Task statement >>
Take the listing below and output it exactly, with no images.

The data >>

============

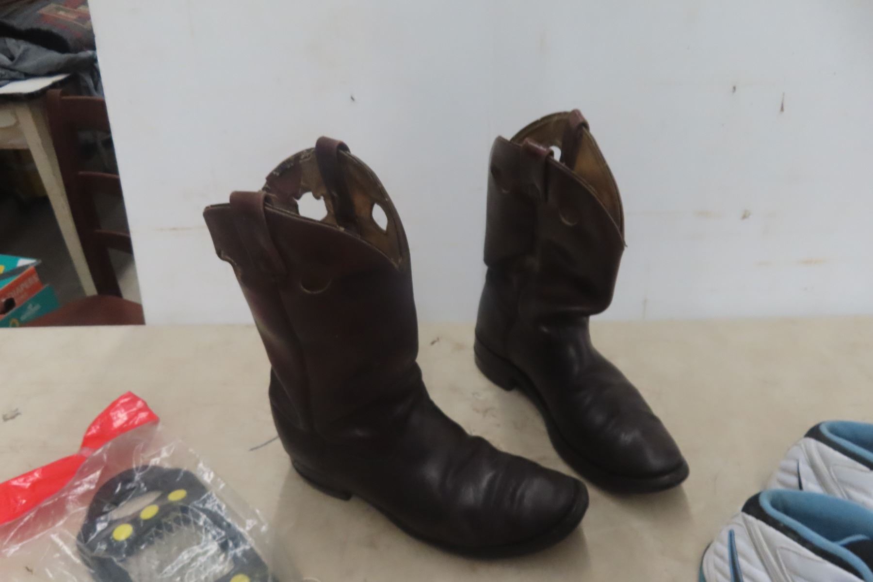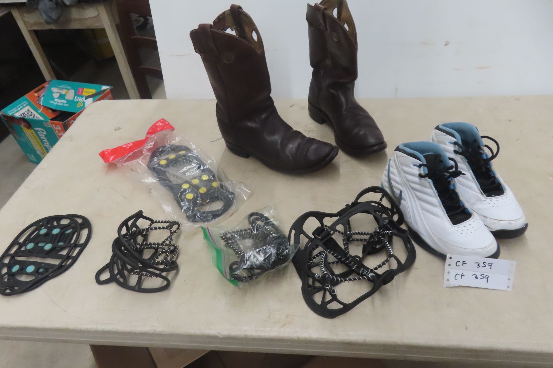 Five Pairs Slip Shoe Grips, Cowboy Boots, and Runner Size 8
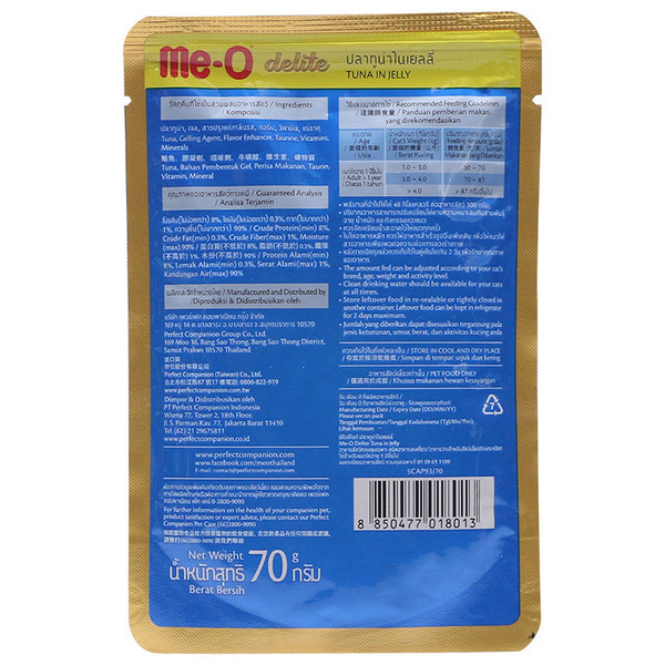 Me-O Pouch Delight Tuna in Jelly Wet Cat Food features real meat and real fish, delivering a variety of textures and flavors that cats adore. Give your cats a mouthwatering meal that they will savour from the first bite of Me-O wet food.
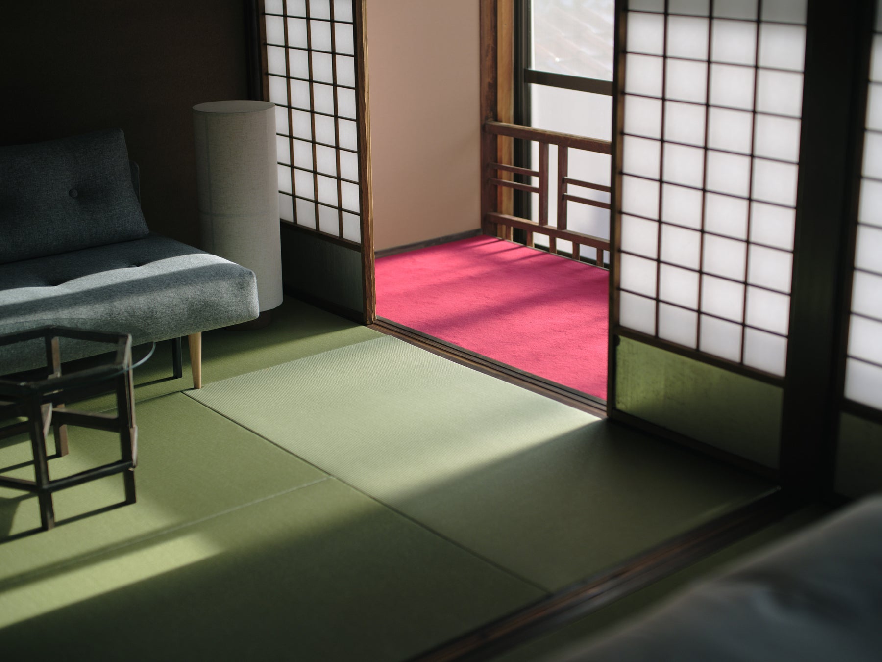 Komado ベンガラは、小松市の中心部で町衆文化が今も息づく龍助町にあります。町家を改修してつくられた3つの客室では、この町の息遣いを感じられます。客室の窓の先に広がるのは、季節の移ろいを感じる中庭や、格子越しの通りの町の気配、瓦屋根の景色など、それぞれ異なる小松の日常風景。受け継がれてきた文化と新たな感性が静かに交わる空間で、ゆったりとした時間を過ごすことができます。

============

Exercise output >>
 Five Pairs Slip Shoe Grips, Cowboy Boots, and Runner Size 8
 Me-O Pouch Delight Tuna in Jelly Wet Cat Food features real meat and real fish, delivering a variety of textures and flavors that cats adore. Give your cats a mouthwatering meal that they will savour from the first bite of Me-O wet food.
 Komado ベンガラは、小松市の中心部で町衆文化が今も息づく龍助町にあります。町家を改修してつくられた3つの客室では、この町の息遣いを感じられます。客室の窓の先に広がるのは、季節の移ろいを感じる中庭や、格子越しの通りの町の気配、瓦屋根の景色など、それぞれ異なる小松の日常風景。受け継がれてきた文化と新たな感性が静かに交わる空間で、ゆったりとした時間を過ごすことができます。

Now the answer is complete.